Entonces, lo vio de nuevo. Aún estaba en la pista de baile, pero se había separado de aquella belleza rubia que era mucho más que Rebecca… salvo la madre de su hijo.

Cuando otro espasmo la obligó a inclinarse hacia el suelo, sintió un terrible pánico.

Quizá no iba a ser la madre del niño de Trent, después de todo.


Trent era muy bueno en momentos de crisis. Todo el mundo lo había dicho siempre, y todo el mundo lo comentó en el club aquella noche. Alabaron su calma mientras se acercaba a toda prisa a la pálida y temblorosa Rebecca, la sacaba de la sala, le entregaba las llaves a un mozo y esperaba a que le llevaran el coche a la puerta.

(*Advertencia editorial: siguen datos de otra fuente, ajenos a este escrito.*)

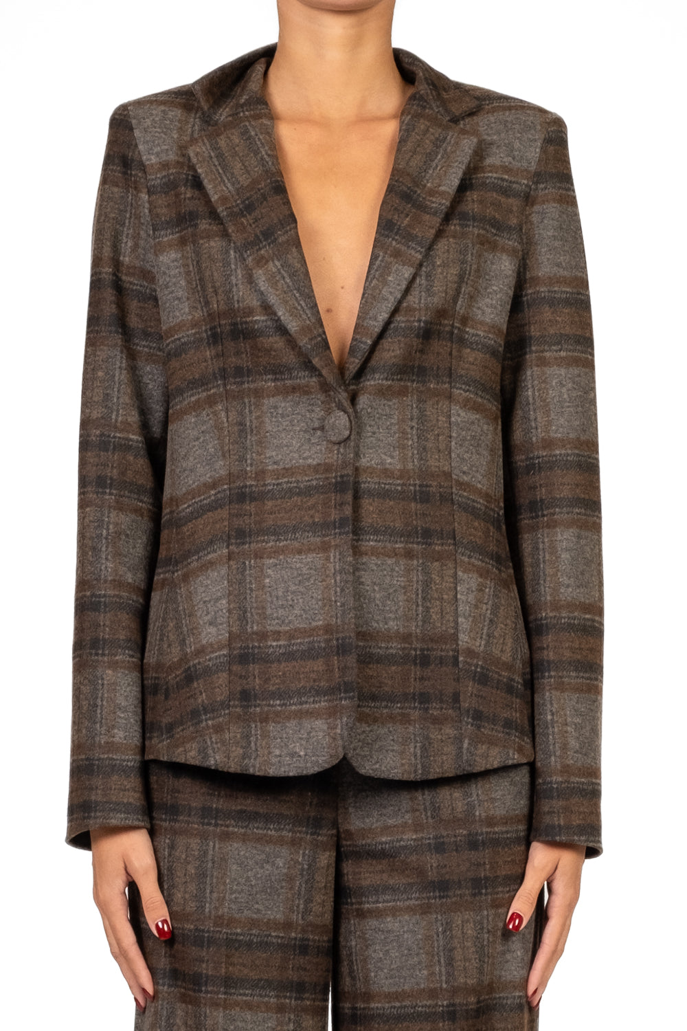 • Giacca dal taglio slim con fantasia check, spalline imbottite per una struttura definita, chiusura con un bottone e spacco posteriore per maggiore comfort e stile. Perfetta per un look elegante e moderno.

– Vas a ponerte bien, cariño -le dijo a Rebecca mientras la ayudaba a sentarse en el coche y la envolvía en su chaqueta-. ¿Estás segura de que no necesitamos una ambulancia?

– No, no necesitamos una ambulancia -afirmó ella.

Por encima de su chaqueta negra, la cara de Rebecca era una mancha pálida. Aquella visión le encogió el estómago. Cuando la había dejado aquella noche en casa, ella tenía los ojos brillantes como estrellas y, sin embargo, en aquel momento parecía que todas las estrellas se habían caído del cielo.

– El hospital…

– No. Tampoco necesitamos ir al hospital. La hemorragia ya ha cesado. El médico me ha dicho que me fuera a casa y que pusiera los pies en alto. Quizá esto no sea nada. Lo único que podemos hacer en este momento es esperar.

Trent se deslizó en su propio asiento y arrancó el coche. El problema de todo aquello era que, aunque él era bueno en las crisis, no era tan bueno esperando.

Mientras conducía, miró a Rebecca y vio que había cerrado los ojos.

«Bien. Descansa, mi amor». La chaqueta se le había resbalado un poco a Rebecca, y él vio que ella se había colocado una mano sobre el pecho y que agarraba en el puño el ángel que él le había regalado.


Durante las siguientes horas, Trent aprendió mucho sobre su mujer.

Que tenía tanta calma en las crisis como él.

Que su indefectible corrección le ponía nervioso.

Que su independencia le ponía nervioso.

Que su silencio le ponía nervioso, sobre todo cuando le dijo que se iba a dormir y él supo que era una mentira, que estaba tumbada junto a él en el colchón, despierta y callada.

Tan callada…

A las tres de la mañana, Trent se rindió, soltó una maldición entre dientes y encendió la lámpara de la mesilla de noche.

– Diría que siento haberte despertado -le dijo a Rebecca-, pero sé que no estabas dormida.

Ella se apartó el pelo de la cara y lo miró, en silencio, con calma.

A él también le puso nervioso aquello. Quería que hablara, que llorara, que se lamentara, que mostrara algún tipo de emoción, que compartiera aquella emoción con él.

– Todo va a salir bien -dijo Trent, cuando no pudo soportar más el silencio.

Ella sacudió la cabeza.

– ¿A qué te refieres? -le preguntó. Su voz tenía un ligero tono de angustia, así que carraspeó-. Apaga la luz, Trent -dijo Rebecca, y le volvió la cara-. Por favor, apaga la luz y déjame dormir.

¿Qué podía hacer él, salvo obedecer?

En algún momento antes del amanecer se quedó dormido. Cuando se despertó, eran más de las siete y estaba solo en la cama. La puerta del baño contiguo se abrió y la mirada de Trent saltó hasta Rebecca.